(Stored entries)
-------
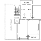
PIANTA PIANO SECONDO 42.00
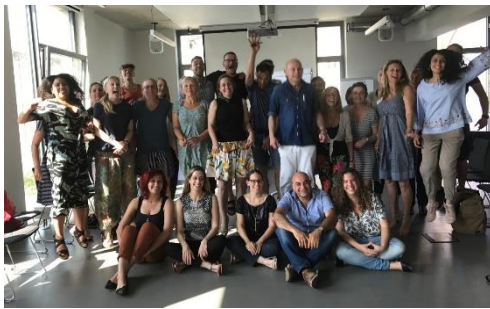
Teilnehmer/innen des zweiten Basistrainings auf dem Berliner Pfefferberg im April 2018
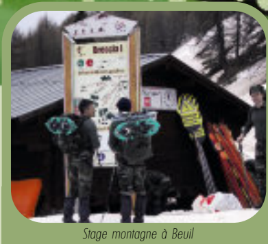
Stage montagne à Beuil
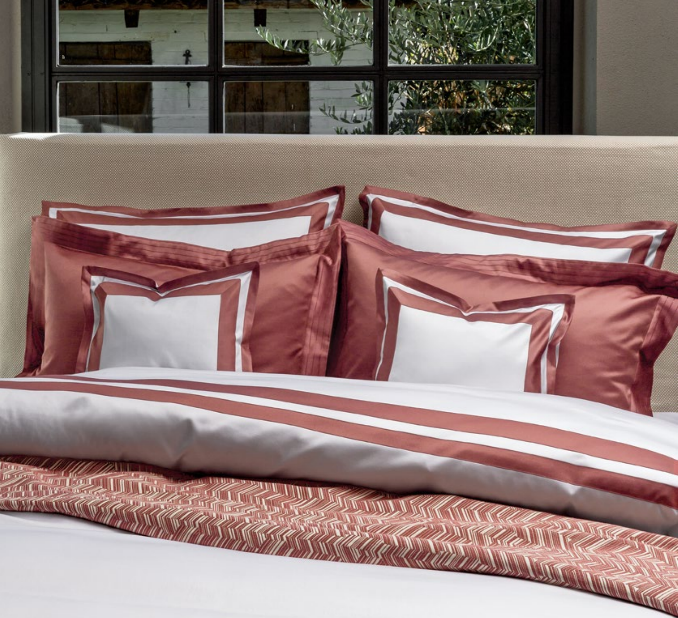
COMPLETO LETTO GARDA/SHINE SHEET SET GARDA/SHINE
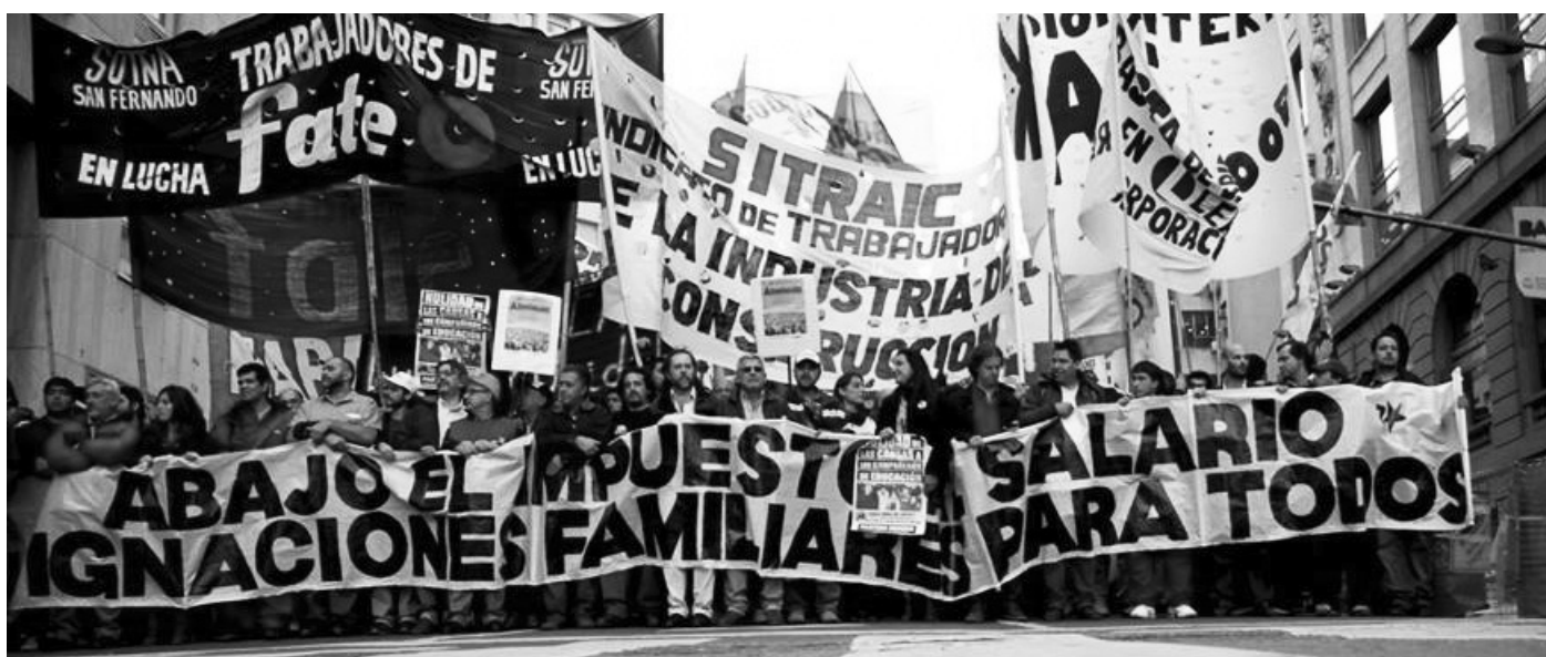
Movilización del Plenario convocado por el Sutna San Fernando. Aprovechemos el recule oficial para profundizar el debate político en el movimiento obrero y la lucha por el objetivo de anular el impuesto, que -ya aprendimos- vuelve de la mano de la inflación cualquiera sea su actualización.

Piumato se apuró a declarar "el triunfo de la CGT" moyanista. Pero es al revés: las centrales sindicales depusieron toda lucha desde aquel leja-
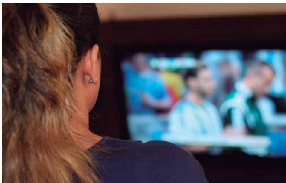
Figura 3: Exemplo de lazer passivo
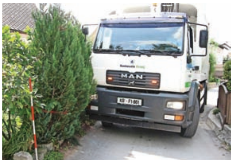
Otežen dostop do zabojnikov.

Dnevno se naše smetarske ekipe srečujejo s številnimi izzivi. Pogosto je dostop do zabojnikov otežen ali celo onemogočen. Predvsem v naseljih individualnih hiš razrašč-
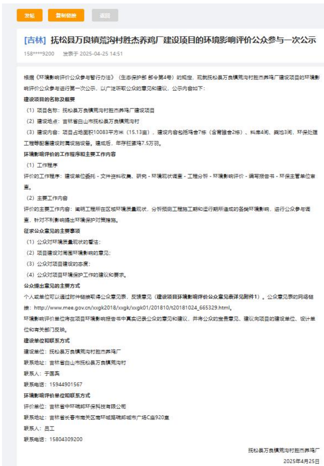
图 2-3 网络公示页面截图
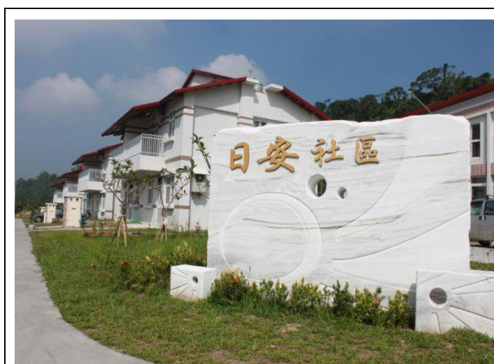
本會於嘉義縣番路鄉轆子腳基地興建「日安社區」，是本會第一個完工的永久屋社區。
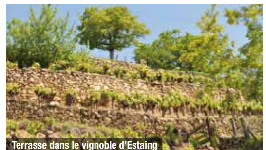
Terrasse dans le vignoble d'Estaing

développement touristique de la vallée du Lot.
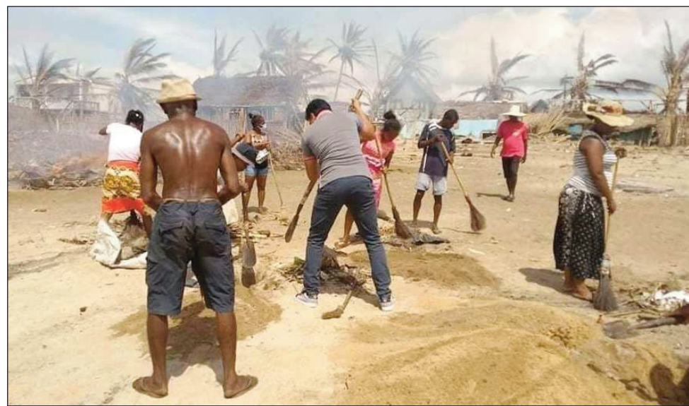
Tondra-drano tany Toamasina, vokatry ny rivodoza Dumako.
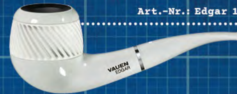
Art.-Nr.: Edgar 1
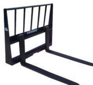
TRABAJO LIGERO 2,000 LBS

También están disponibles mini horquillas para paletas, horquillas hidráulicas para paletas, horquillas para guardería, lanzas para heno, horquillas especiales y púas de horquilla para bloques y ladrillos.
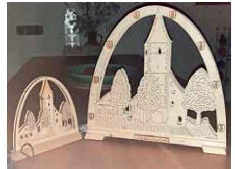
Martinskirch als kleiner und großer Schwibbogen

Der Förderverein zur Pflege der Städtepartnerschaft mit Vevey in der Schweiz wird vom 27. November bis zum 18. Dezember an jedem Samstag in der Wilhelmstraße, vor dem Marktbereich, einen Infostand haben. An dem Infostand wird der kleine und große Schwibbogen mit dem Motiv der Martinskirche verkauft. Es ist nicht nur ein schönes Geschenk zur Weihnachtszeit, sondern dient auch der Förderung von verschiedenen Projekten im Rahmen der Partnerschaft mit der Stadt Vevey in der Schweiz am Genfer See. Der Förderverein freut sich auf viele Interessenten und Käufer der Schwibbögen. Die Schwibbögen kann man auch bei der Touristikinformation und bei Hitschler in der Hauptstr. 6 erwerben.
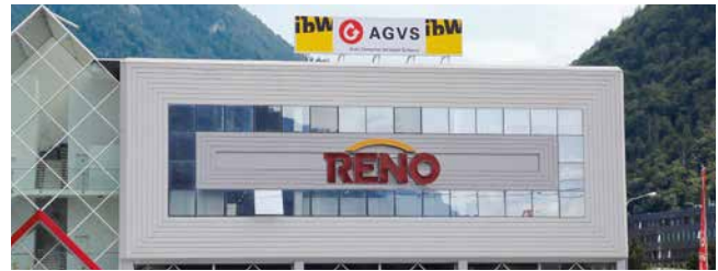
Standort Sommerastrasse Chur
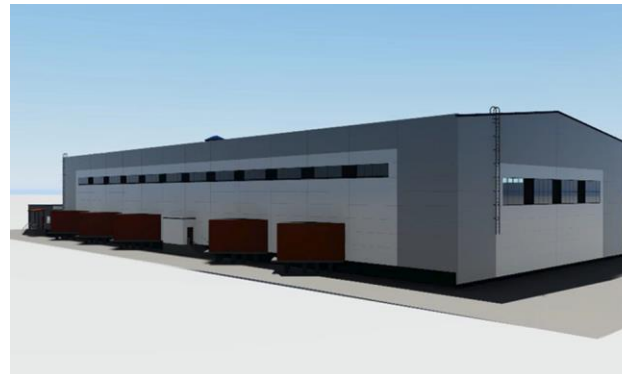
Складские помещения (складской корпус и бытовой блок)
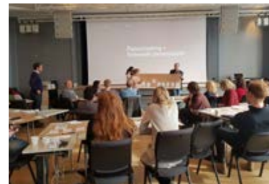
>> Workshop tjenestedesign for reiselivsnæring
-------
### [Work item]
Above are the records; copy exactly the lines from the one with "Terrasse dans le vignoble d'Estaing" through the one with "Martinskirch als kleiner", including both, and nothing more. Leave out pictures.

### [Solution to this task]
Terrasse dans le vignoble d'Estaing

développement touristique de la vallée du Lot.
Tondra-drano tany Toamasina, vokatry ny rivodoza Dumako.
Art.-Nr.: Edgar 1
TRABAJO LIGERO 2,000 LBS

También están disponibles mini horquillas para paletas, horquillas hidráulicas para paletas, horquillas para guardería, lanzas para heno, horquillas especiales y púas de horquilla para bloques y ladrillos.
Martinskirch als kleiner und großer Schwibbogen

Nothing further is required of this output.